- **Data excerpt**:
>>>

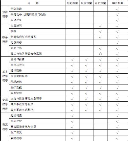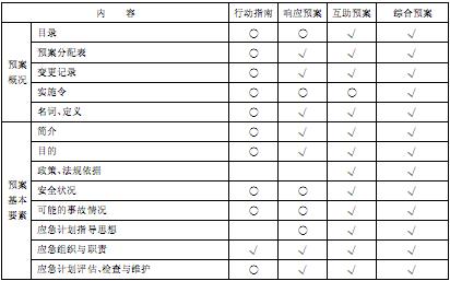 上述4種類型預案具體要求的程序文件如表1-1所示(表中標“√”項為該計劃包含內容,標“O”項為可選內容)。
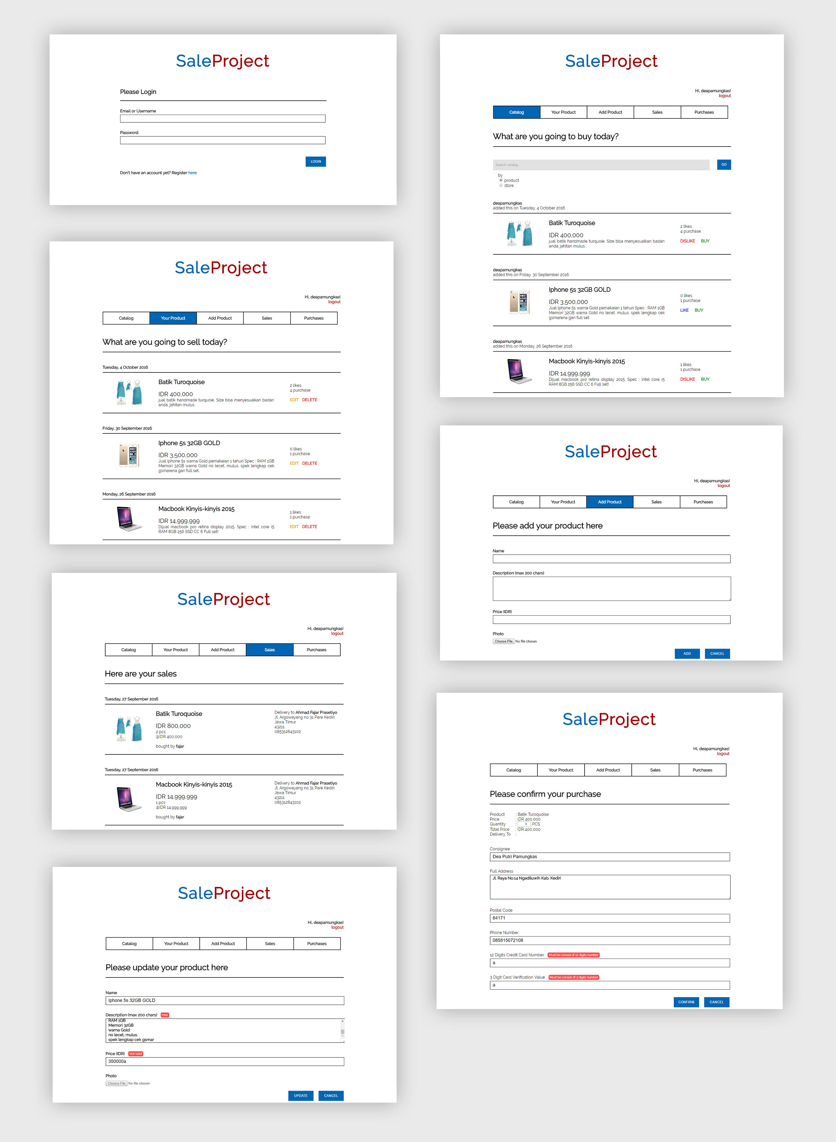 Sale Project is an e-commerce website that consists of buyer-side and seller-side with the feature login, logout, and register. The buyers can make a purchase of products. While the Sellers can upload their products including its photos and edit them at one time or maybe remove it.
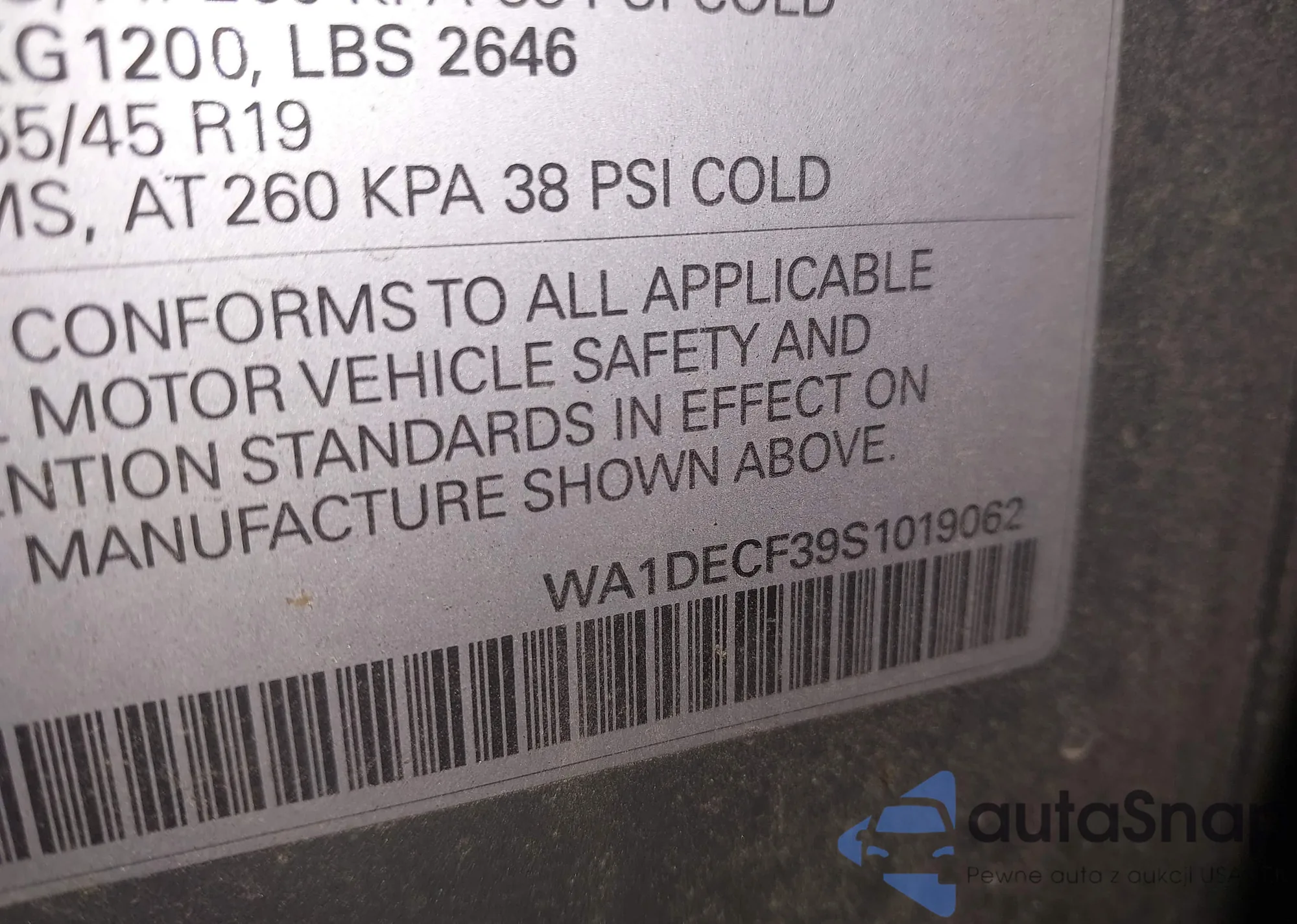LOT: 43433103 VIN: WB523CF00SCS58721

<<<

- **Exercise details**: With the images removed, write out all of the material above exactly.

- **Answer space**:
 上述4種類型預案具體要求的程序文件如表1-1所示(表中標“√”項為該計劃包含內容,標“O”項為可選內容)。
 Sale Project is an e-commerce website that consists of buyer-side and seller-side with the feature login, logout, and register. The buyers can make a purchase of products. While the Sellers can upload their products including its photos and edit them at one time or maybe remove it.
LOT: 43433103 VIN: WB523CF00SCS58721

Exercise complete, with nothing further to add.